PROMPT: There are pictures in the records below; leave them out and set down exactly the lines from the one holding "Üst kısmındaki şifon" through the one holding "Кроме того, архитектор".

DATA SHOWN:
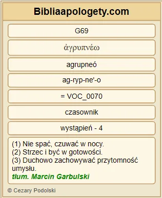 | L07 | Mk13_33 | Uważajcie G991 , czuwajcie G69 , bo nie wiecie G1492 , kiedy G4219 czas G2540 ten nadejdzie G2076 . |
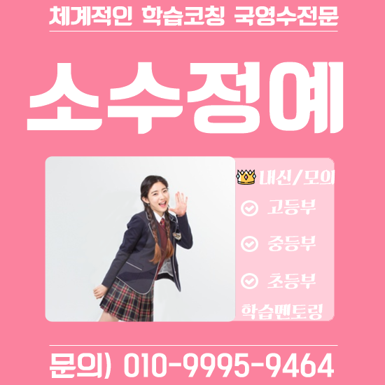 확실한 영어 내신 시험 계획세우기. (0) 2021.10.05 인천 삼산동 부평 수학학원 영어학원 초등중등고등 학생 중학생 영수학원 확실하게. (0) 2021.10.04 영어 공부의 성공은 지속성, 꾸준히 해야 하는 것은? (0) 2021.10.04 판교 분당 수학과외 영어과외 고등중등초등 학생 영수학원 중학생 희망적으로. (0) 2021.10.01 내신은 교과서로, 3단계 문제 풀이방법. (0) 2021.10.01
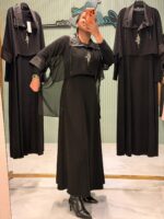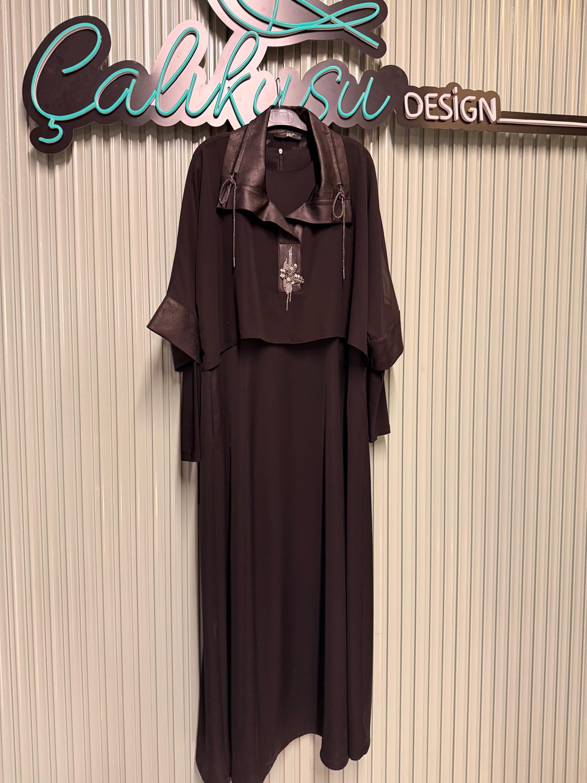 Üst kısmındaki şifon detaylı tasarımı elbiseye hareket katar, akıcı yapısı ile hem rahat hem de asil bir duruş sağlar.
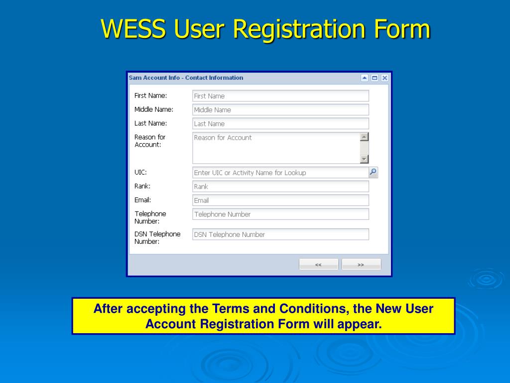 WESS User Registration Form After accepting the Terms and Conditions, the New User Account Registration Form will appear.
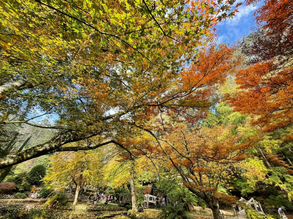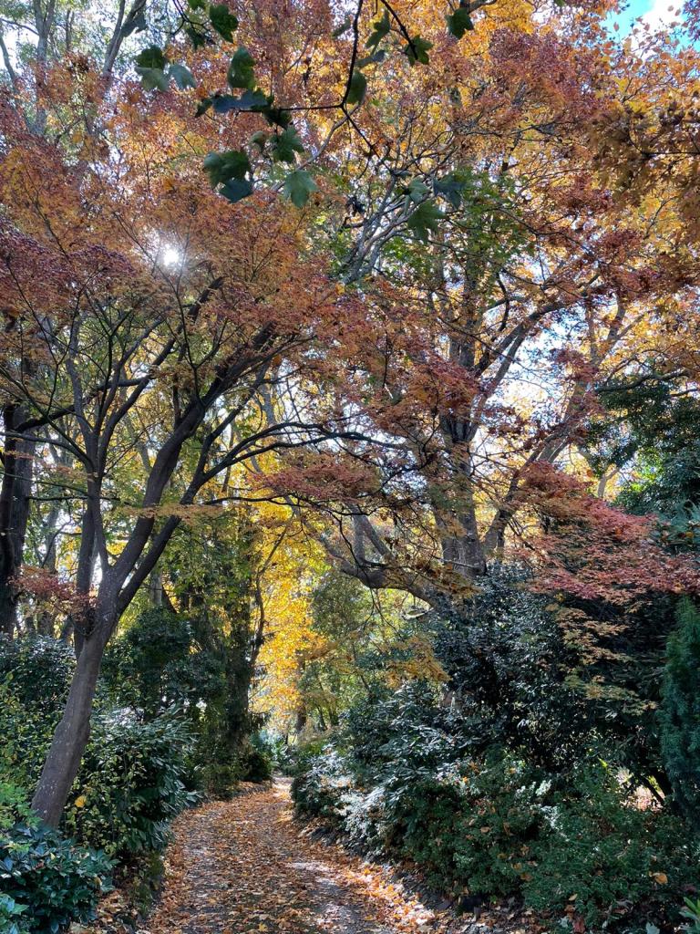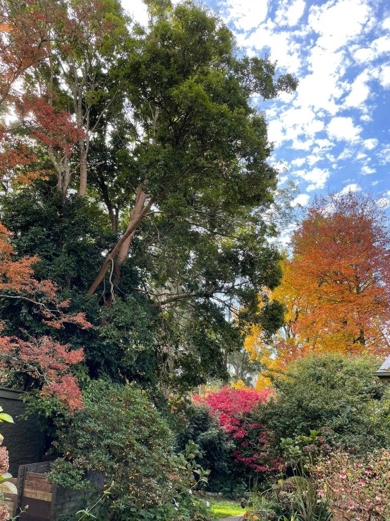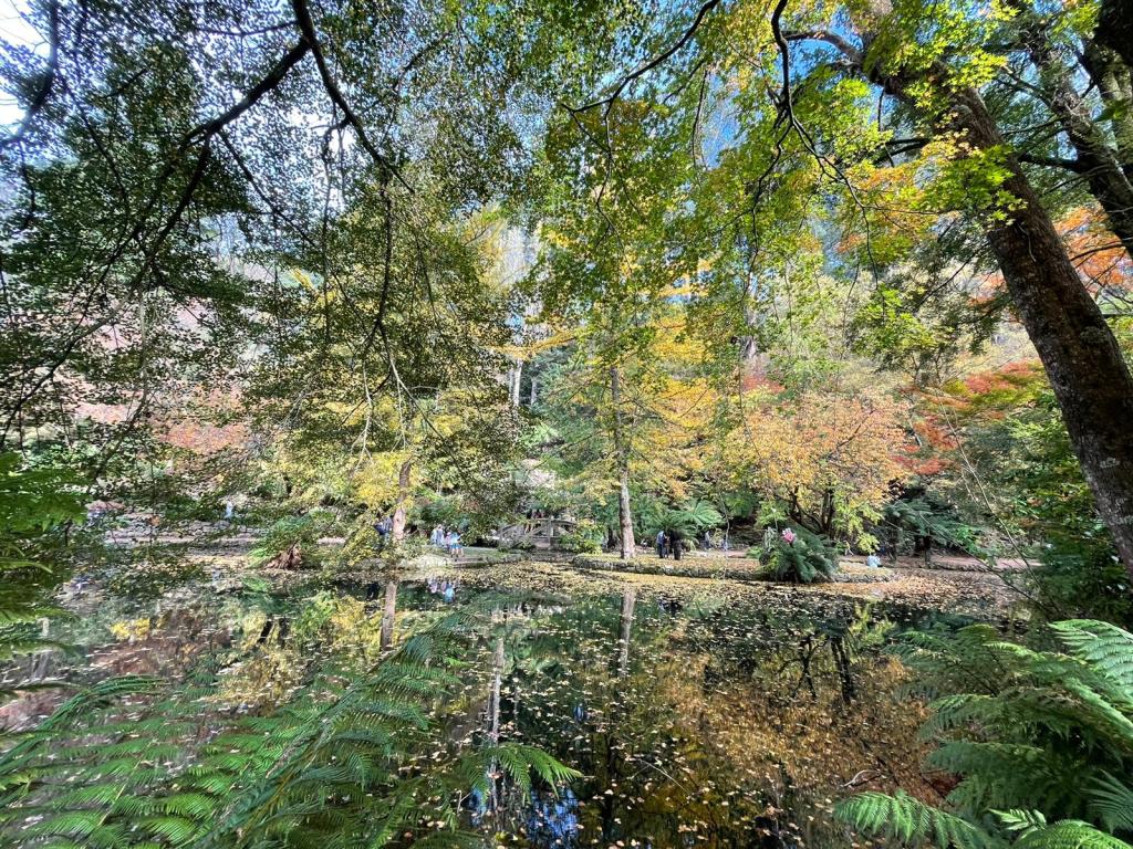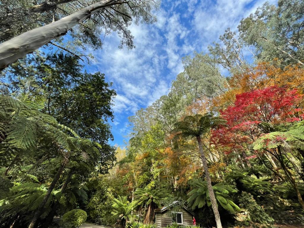 We expected the usual yellows and reds, but the shimmering gold set against an intense blue autumn sky caught us by surprise. I wondered if the Dandenongs would have been even more beautiful a week or a fortnight earlier because the ground was covered with fallen leaves. But would the gold have been as rich and vibrant? Does the colour deepen and brighten the longer an autumn leaf remains connected to its vein of nourishment? Like a dessert wine grape perhaps.
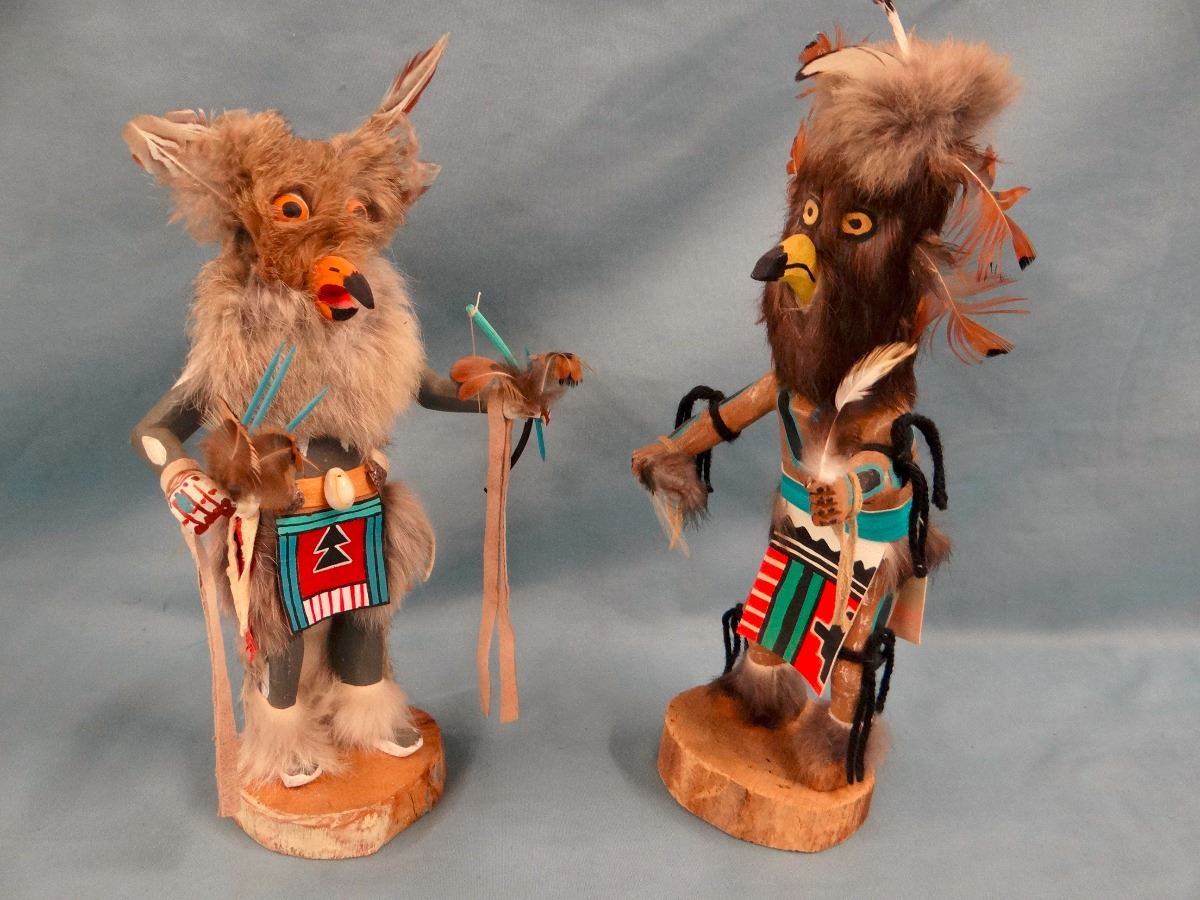 2 Kachina dolls: "Grey Owl" signed B. Begay, 10-1/2"h (Navajo); AND "Owl" 12"h (Navajo)
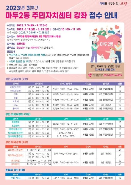 미디어라이프 중부신문 정호복 기자 | 고양특례시 마두2동 주민자치회는 2023년 3분기 주민자치센터 문화강좌 프로그램 수강생을 모집한다고 19일 밝혔다.
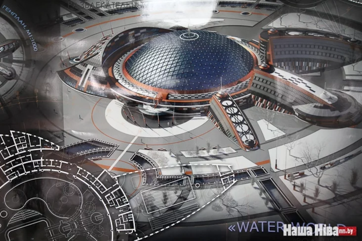 Кроме того, архитектор Виталий Дасько предлагает создать в Новополоцке аквапарк Water World футуристических форм, со стеклянной крышей и необычными пристройками для аттракционов.
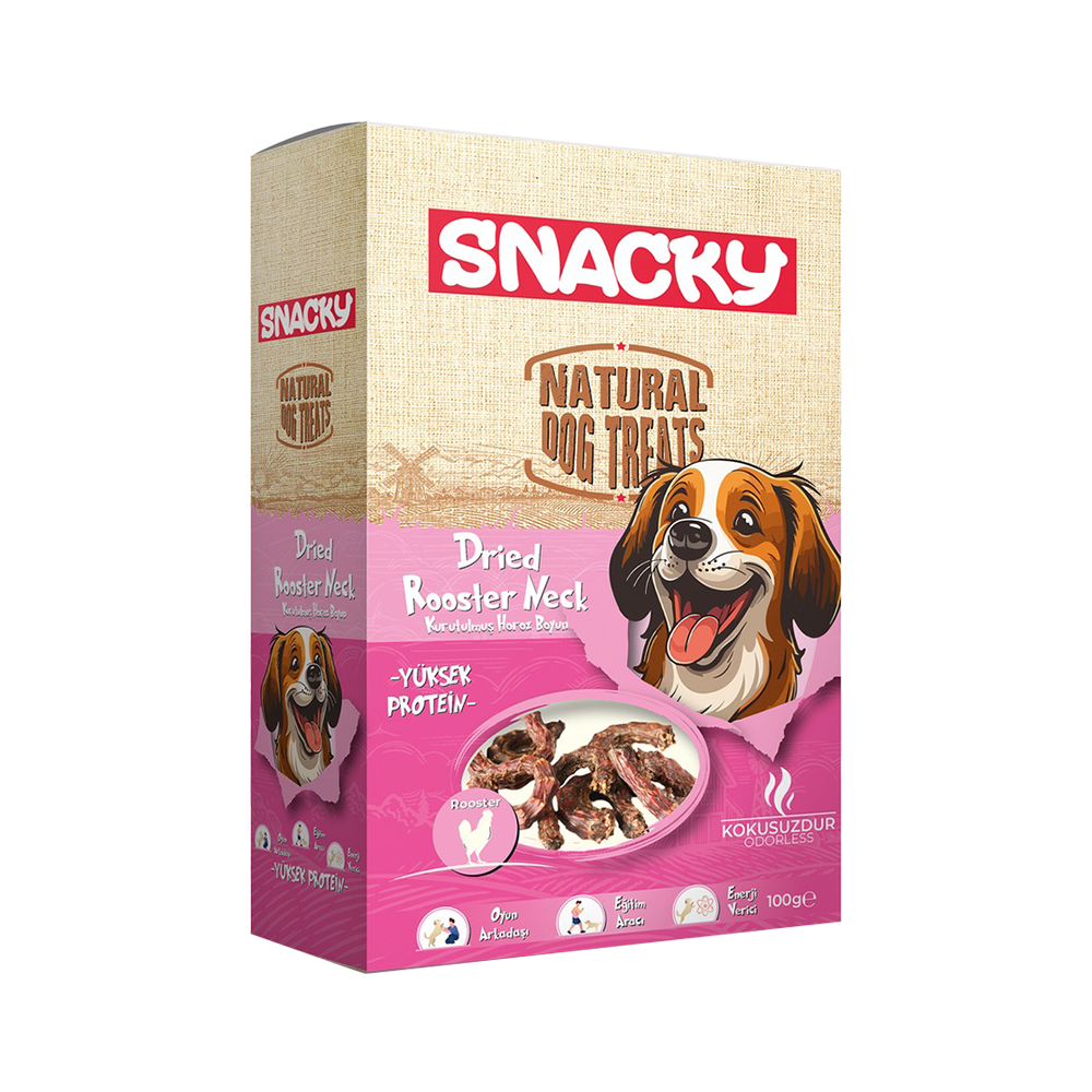 Snacky Kurutulmuş Horoz Boyun, taze horoz etinin özenle seçilip, uzun bir süre bekletilip ardından doğal yollarla kurutulmasıyla üretilir. Bu ürün, doğal ve sağlıklı bir işlemle üretildiği için koruyucu ve katkı maddesi içermez. Ayrıca işlenme aşamasında sağlık ve hijyen koşullarına son derece dikkat edilir.
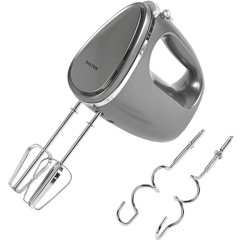 Salter EK4249GUNMETAL Cosmos Hand Mixer – Electric Baking Whisk, 5 Speed With Turbo Setting, Eject Function, Easy Cleaning, Includes 2 x Stainless Steel Mixing Beater and Dough Hooks, Grey, 300W
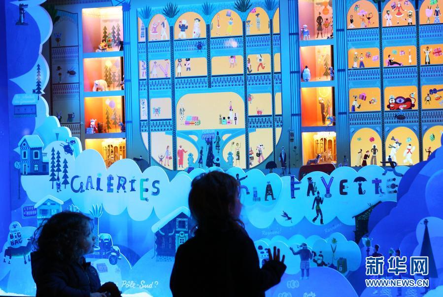 11月22日,孩子们在法国巴黎老佛爷百货商店的圣诞橱窗前驻足欣赏。新华社记者 高静 摄
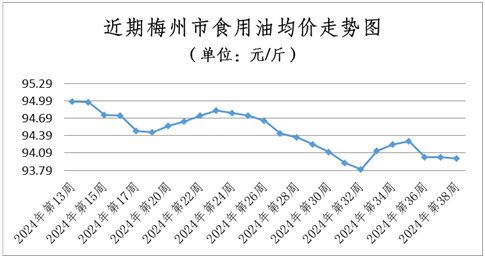 糧油價(jià)格保持穩(wěn)定。本周糧食均價(jià)為3.22元/斤,環(huán)比(與2024年第37周相比,下同)持平;食用油均價(jià)為94.00元/桶(5L),環(huán)比微降0.02%。
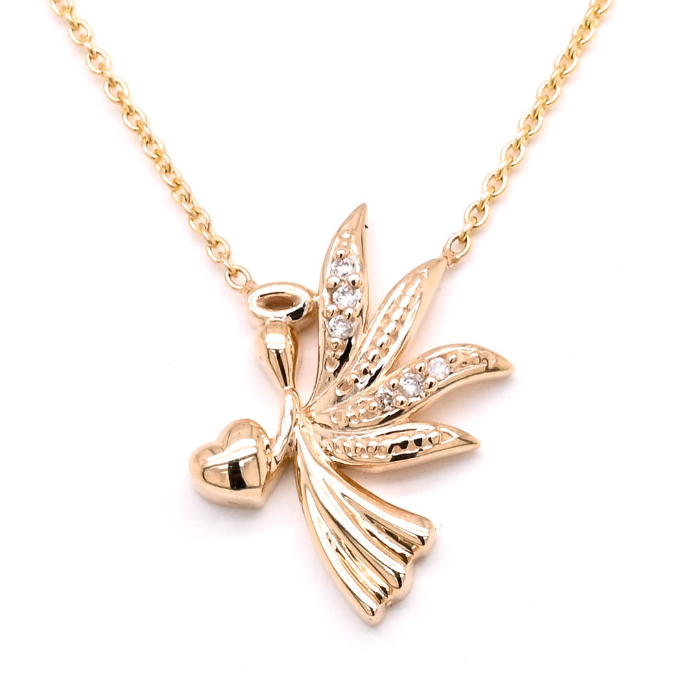 10KT Yellow Gold 18" 0.02CTW Diamond Angel Necklace.
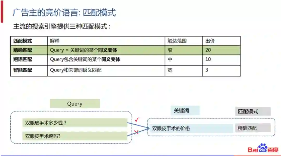 举一个例子,如果广告主购买的关键词是“双眼皮手术的价格”,并且指定其匹配模式是精确匹配的话,当query是“双眼皮手术多少钱?”时,广告主的关键词会被匹配到,而“双眼皮手术疼吗”则不会被匹配到。

EXPECTED OUTPUT:
 Üst kısmındaki şifon detaylı tasarımı elbiseye hareket katar, akıcı yapısı ile hem rahat hem de asil bir duruş sağlar.
 WESS User Registration Form After accepting the Terms and Conditions, the New User Account Registration Form will appear.
 We expected the usual yellows and reds, but the shimmering gold set against an intense blue autumn sky caught us by surprise. I wondered if the Dandenongs would have been even more beautiful a week or a fortnight earlier because the ground was covered with fallen leaves. But would the gold have been as rich and vibrant? Does the colour deepen and brighten the longer an autumn leaf remains connected to its vein of nourishment? Like a dessert wine grape perhaps.
 2 Kachina dolls: "Grey Owl" signed B. Begay, 10-1/2"h (Navajo); AND "Owl" 12"h (Navajo)
 미디어라이프 중부신문 정호복 기자 | 고양특례시 마두2동 주민자치회는 2023년 3분기 주민자치센터 문화강좌 프로그램 수강생을 모집한다고 19일 밝혔다.
 Кроме того, архитектор Виталий Дасько предлагает создать в Новополоцке аквапарк Water World футуристических форм, со стеклянной крышей и необычными пристройками для аттракционов.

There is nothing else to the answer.